Ноль реакции. Партнер просто продолжил в прохладной, ровной, полностью деловой манере.

— Компания-экспедитор, — сказал он, — получает груз, упаковывает его — обычно они сооружают стандартную деревянную раму или ящик для каждого грузового места, — переваливает карго на транспортное судно или самолет, забирает груз в порту на другом конце, складирует его, затем извлекает товар из транспортного контейнера и, наконец, доставляет по месту назначения на оговоренную дату. Бизнес, таким образом, по сути представляет собой автоперевозку, складирование и грузопереработку.

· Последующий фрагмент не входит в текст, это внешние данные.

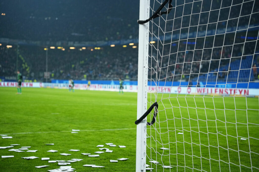 Flyer im Strafraum und Fahrradschlösser am Tor. Proteste der Hamburger Fans kurz vor der 2. Halbzeit. Foto: Lobeca/Daniel Haase
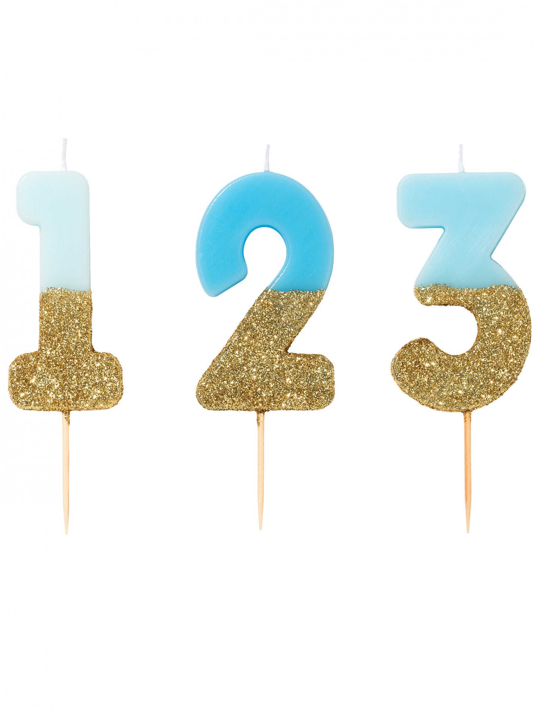 Sviečka na paličke s modrými a zlatými trblietkami, čísla 13,8 cm na tortu
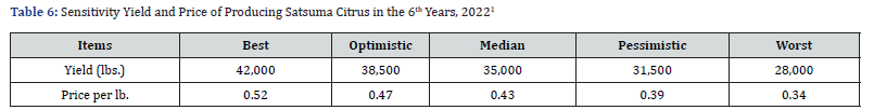 Table 8 shows the sensitivity risk-rated returns over the total costs of producing Satsuma citrus using drip irrigation and frost protection technologies. The sensitivity risk-rated returns analysis is based on the five yield and price scenarios presented (Table 8). The estimated average citrus marketable yield from a fully productive sixth year of production obtained from sampled growers was 35,000 lbs. which is the most likely base yield. The most likely price is $0.43 per pound of citrus during our study period in 2022 was the average price of citrus sold fresh ($0.60 per lb.) and processed ($0.25 per lb.).

Далее партнер сообщил, что его заказчик занимался такой экспедиторской деятельностью несколько десятилетий и все время получал прибыль. А затем клиент внезапно обнаружил, что на протяжении нескольких месяцев подряд он теряет деньги. Как часто бывает в бизнесе, не менявшемся много лет, менеджеры фирмы стали вести свою бухгалтерию спустя рукава.

— Калькуляция себестоимости? — сказал он. — Не существовала вообще. Словом, они не могли понять, что же случилось и в конечном итоге обратились к нам.

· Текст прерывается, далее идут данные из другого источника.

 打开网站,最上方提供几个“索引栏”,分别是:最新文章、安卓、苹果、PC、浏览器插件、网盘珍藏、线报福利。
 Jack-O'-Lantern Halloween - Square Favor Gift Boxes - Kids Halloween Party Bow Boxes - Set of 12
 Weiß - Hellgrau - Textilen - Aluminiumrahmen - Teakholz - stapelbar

Для МакКинзи, поведал партнер, приведение производственной бухгалтерии в порядок было делом элементарным, "хотя на это и ушла масса времени и мозгов". В МакКинзи пришли к выводу, что экспедитор начал терять деньги из-за одного-единственного стоимостного фактора: грузового авиатарифа.

— Авиакомпании, — сказал он, завершая вступление, — внезапно начали запрашивать больше — намного больше! — за перевозку авиагрузов. Мой к вам вопрос: почему это могло произойти?

Я замер.

Спустя напряженной секунды молчания партнер повторил свой вопрос. Смотрел он на меня угрюмо.

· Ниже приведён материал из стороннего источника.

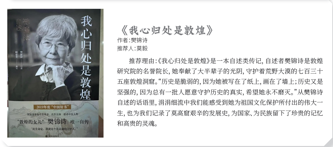 作者:樊錦詩(shī) 推薦人:莫毅 推薦理由:《我心歸處是敦煌》是一本自述類(lèi)傳記,自述者樊錦詩(shī)是敦煌 研究院的名譽(yù)院長(zhǎng),她奉獻(xiàn)了大半輩子的光陰,守護(hù)著荒野大漠的七百三十 五座敦煌洞窟?!皻v史是脆弱的,因?yàn)樗粚?xiě)在了紙上,畫(huà)在了墻上;歷史又是 堅(jiān)強(qiáng)的,因?yàn)榭傆幸慌嗽敢馐刈o(hù)歷史的真實(shí),希望她永不磨滅。”從樊錦詩(shī) 自述的話語(yǔ)里,涓涓細(xì)流中我們能感受到她為祖國(guó)文化保護(hù)所付出的偉大一 生,也為我們記錄了莫高窟艱辛的發(fā)展史,為國(guó)家、為民族留下了珍貴的記憶 和高貴的靈魂。
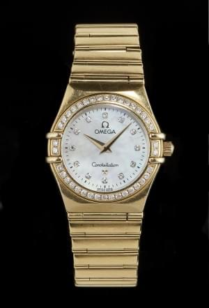 Cadran nacré, aiguilles dorées, index à points sertis de diamant...
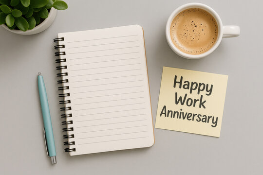 Happy work anniversary message on sticky note with notebook pen coffee cup and plant on desk creating happy work atmosphere for celebration and productivity
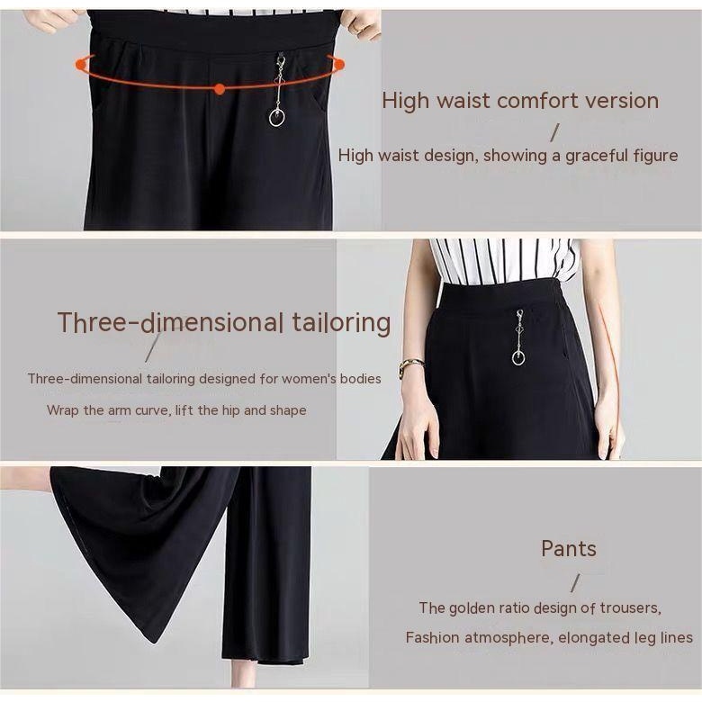 Women's culottes loose high waist thin fashion casual wide leg pants V808
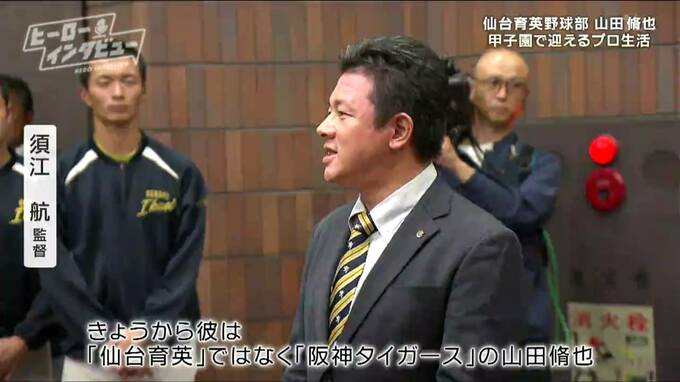 「今日から彼は”仙台育英”の山田脩也ではなくて、”阪神タイガース”の山田脩也にこれからなっていきますから。高校生みたいなことをしていたら活躍できないから、ドラフト3位に見合うようなパフォーマンスをださないといけない」
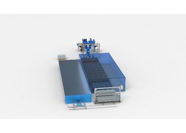 Линия состоит из неподвижно стоящего смесителя ёмкостью 450 литров, блока дозаторов с электронным весовым терминалом, ленточного и шнекового транспортера для сырья, передвижных форм, рельсовых путей, толкателей и механической резки.
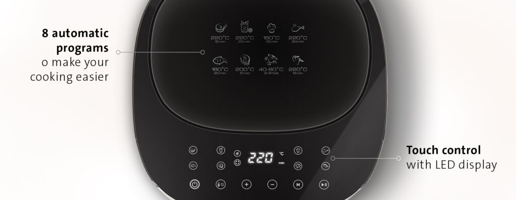 Η φριτέζα είναι εξαιρετικά εύχρηστη – η οθόνη αφής με οθόνη LED σας παρέχει όλες τις απαραίτητες πληροφορίες. Και με το εσωτερικό φως, μπορείτε να δείτε τι συμβαίνει στο εσωτερικό – είτε η κόρα είναι χρυσαφένια είτε οι πατάτες είναι ομοιόμορφα ψημένες.
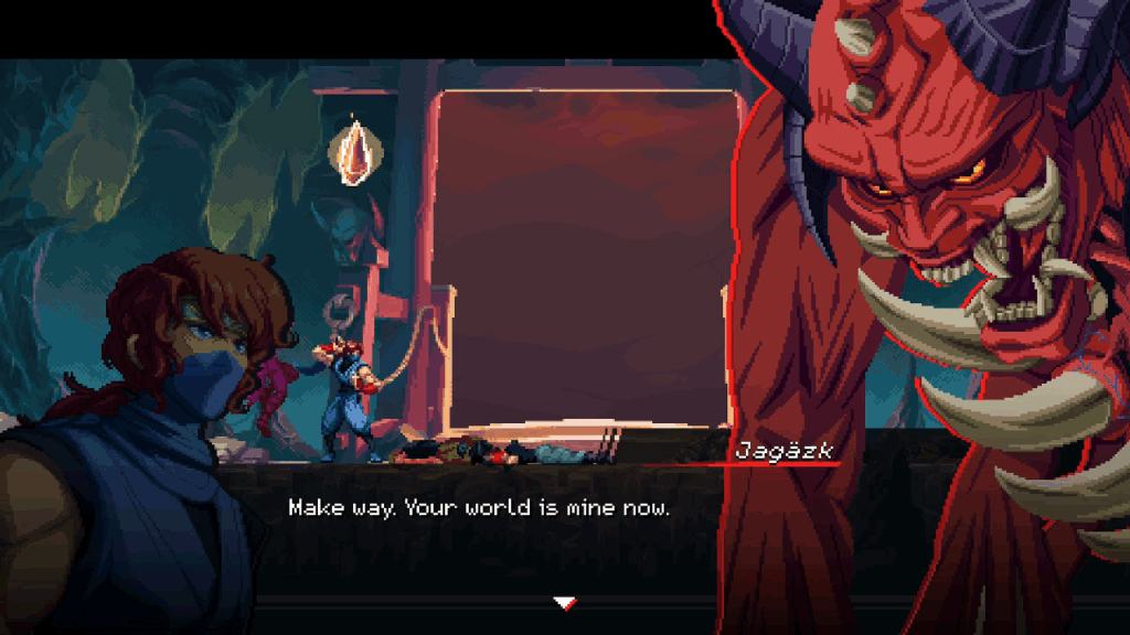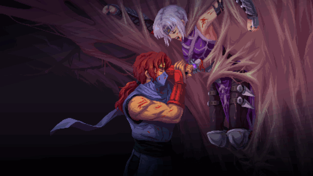 Ragebound’s story is too ridiculous to be accepted as anything but deliberately silly and bombastic, as exemplified by a character summarizing their situation with the line, “the CIA is toying with demon energy to create super soldiers.” The real attraction is the tight hack-and-slash combat based on prototypical ninja skillsets and platforming design inspired by the classic Ninja Gaiden titles from the 8-bit videogame generation. Fans of the first Ninja Gaiden videogames may also be enticed by a cameo from Ryu Hayabusa, the series’ original protagonist, and hints that his adventures in the United States are happening concurrently with Kenji and Kumori’s quest.

— Вы ведь поняли смысл задачи? Почему авиакомпании стали запрашивать более высокую цену?

Он не пытался облегчить мне жизнь.

— Стоимость топлива? — наконец, сказал я. — Может, это случилось в период нефтяного эмбарго, в начале семидесятых?

— Нет, — сухо ответил он. — Дело было куда позже. Повышенная цена на нефть уже была заложена в ценовую структуру авиакомпаний.

Очередное напряженное молчание.

Партнер сказал: "Давайте взглянем на это с другой стороны". По его словам, в тот же самый период тарифы на пассажирские авиаперевозки удерживались на постоянном уровне или даже понемногу снижались. И все же авиакомпании упорно вздували цены для экспедиторов. "Чтобы дать рекомендацию заказчику, нам требовалось понять, что происходит. Ваше мнение?"

— А не было другой авиакомпании, которая требовала бы меньше? — спросил я. Даже я понимал, что это был глупый вопрос: прежде чем решиться потратить десятки тысяч долларов, нанимая МакКинзи, заказчик несомненно пожертвовал бы несколькими центами, чтобы обзвонить другие авиакомпании. Но я все же отчаянно пытался: "А… а все компании подняли свои тарифы?"

Партнер подтвердил, что да, все авиакомпании поднимали тарифы. "Но вы более-менее на правильном пути", — заметил он. Это меня удивило. "Если все авиакомпании одновременно увеличивали свои цены, то что за этим могло стоять?" Я не имел никакого понятия на этот счет, что как раз не удивительно.

И вновь я застыл на месте. Если продолжать аналогию с медосмотром, сейчас доктор натянул резиновую перчатку и окунул пальцы в мазь. Партнер же сидел и просто смотрел на меня. Потом он сдался.

— Как насчет спроса и предложения? — спросил он.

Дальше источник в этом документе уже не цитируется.